*** Opening Record set ***

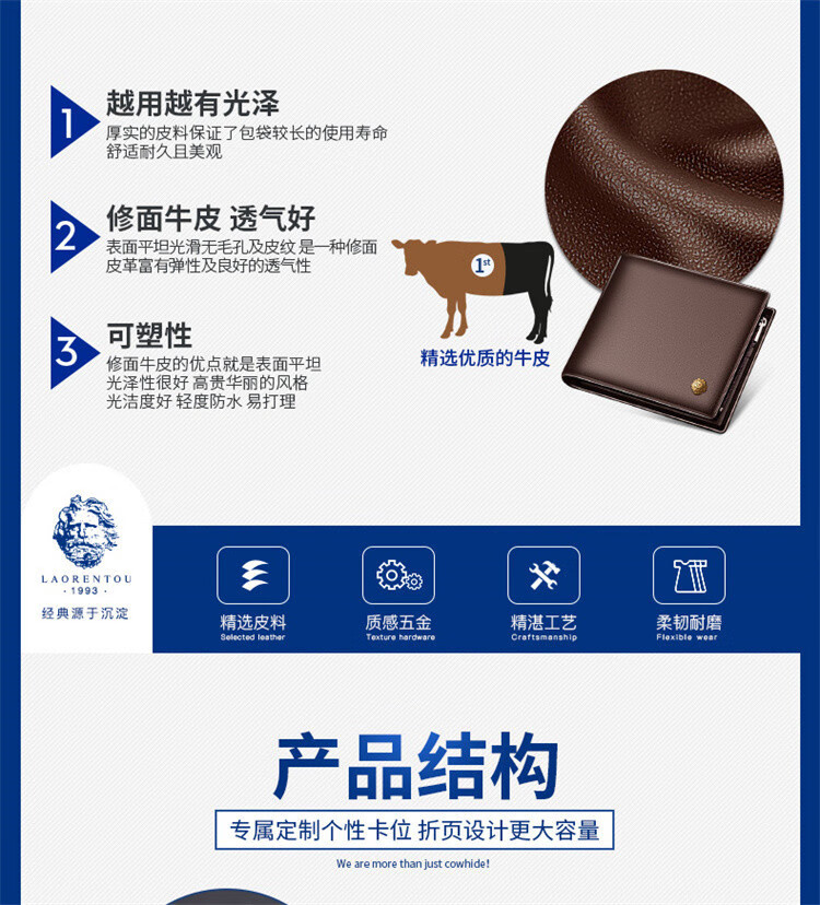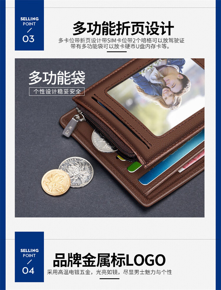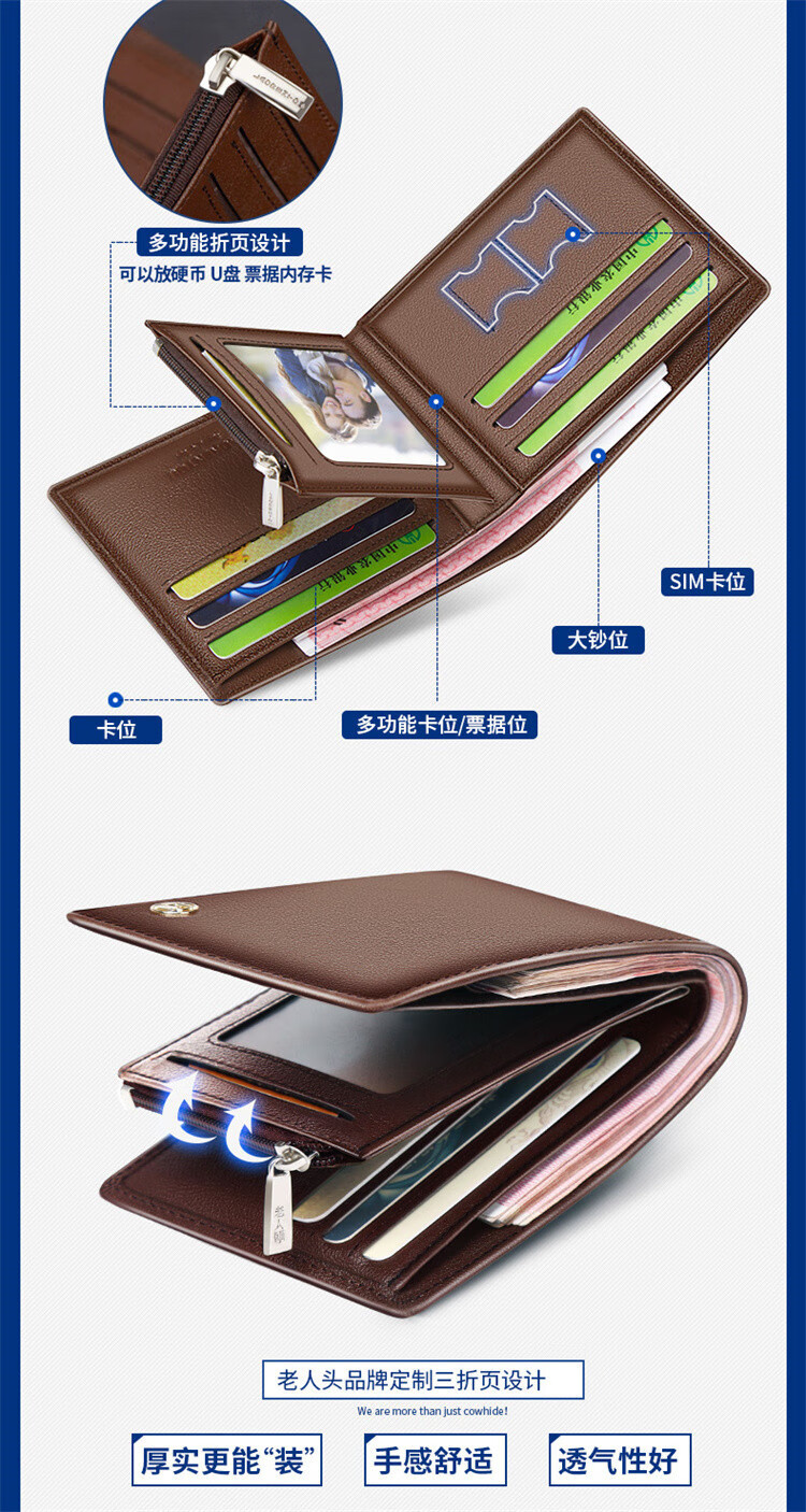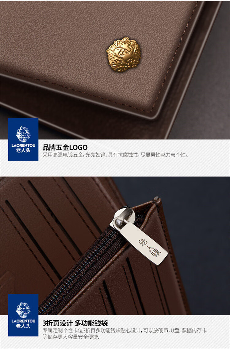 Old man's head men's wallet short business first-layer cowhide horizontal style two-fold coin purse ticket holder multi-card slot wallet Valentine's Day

*** Closing Record set ***
*** Opening Record set ***

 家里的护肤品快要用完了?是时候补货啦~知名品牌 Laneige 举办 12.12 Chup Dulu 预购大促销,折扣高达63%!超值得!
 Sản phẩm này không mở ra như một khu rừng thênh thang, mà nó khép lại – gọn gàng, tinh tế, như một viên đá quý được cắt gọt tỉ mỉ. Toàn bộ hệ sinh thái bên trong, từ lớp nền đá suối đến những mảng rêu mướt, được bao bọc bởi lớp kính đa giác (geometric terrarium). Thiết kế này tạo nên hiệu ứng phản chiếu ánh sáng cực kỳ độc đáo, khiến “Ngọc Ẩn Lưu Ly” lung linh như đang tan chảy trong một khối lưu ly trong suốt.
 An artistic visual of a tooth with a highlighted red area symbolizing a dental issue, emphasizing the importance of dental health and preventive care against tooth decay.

*** Closing Record set ***
*** Opening Record set ***

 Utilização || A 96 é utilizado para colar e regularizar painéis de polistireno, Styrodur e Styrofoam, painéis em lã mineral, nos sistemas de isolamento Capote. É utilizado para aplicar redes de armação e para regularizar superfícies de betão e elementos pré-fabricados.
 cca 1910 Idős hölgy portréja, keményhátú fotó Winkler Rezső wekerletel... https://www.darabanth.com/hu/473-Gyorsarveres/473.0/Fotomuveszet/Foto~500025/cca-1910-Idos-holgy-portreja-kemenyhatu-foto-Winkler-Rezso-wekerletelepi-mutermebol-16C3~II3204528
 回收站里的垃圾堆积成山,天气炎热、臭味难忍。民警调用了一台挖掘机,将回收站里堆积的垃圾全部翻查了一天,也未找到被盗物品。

*** Closing Record set ***

● **Exercise directions**
Where the listing above reaches the line that contains "Utilização || A", start retyping, and finish with the line that contains "回收站里的垃圾堆积成山,天气"; reproduce those lines exactly and no others.

● **Answer section**
 Utilização || A 96 é utilizado para colar e regularizar painéis de polistireno, Styrodur e Styrofoam, painéis em lã mineral, nos sistemas de isolamento Capote. É utilizado para aplicar redes de armação e para regularizar superfícies de betão e elementos pré-fabricados.
 cca 1910 Idős hölgy portréja, keményhátú fotó Winkler Rezső wekerletel... https://www.darabanth.com/hu/473-Gyorsarveres/473.0/Fotomuveszet/Foto~500025/cca-1910-Idos-holgy-portreja-kemenyhatu-foto-Winkler-Rezso-wekerletelepi-mutermebol-16C3~II3204528
 回收站里的垃圾堆积成山,天气炎热、臭味难忍。民警调用了一台挖掘机,将回收站里堆积的垃圾全部翻查了一天,也未找到被盗物品。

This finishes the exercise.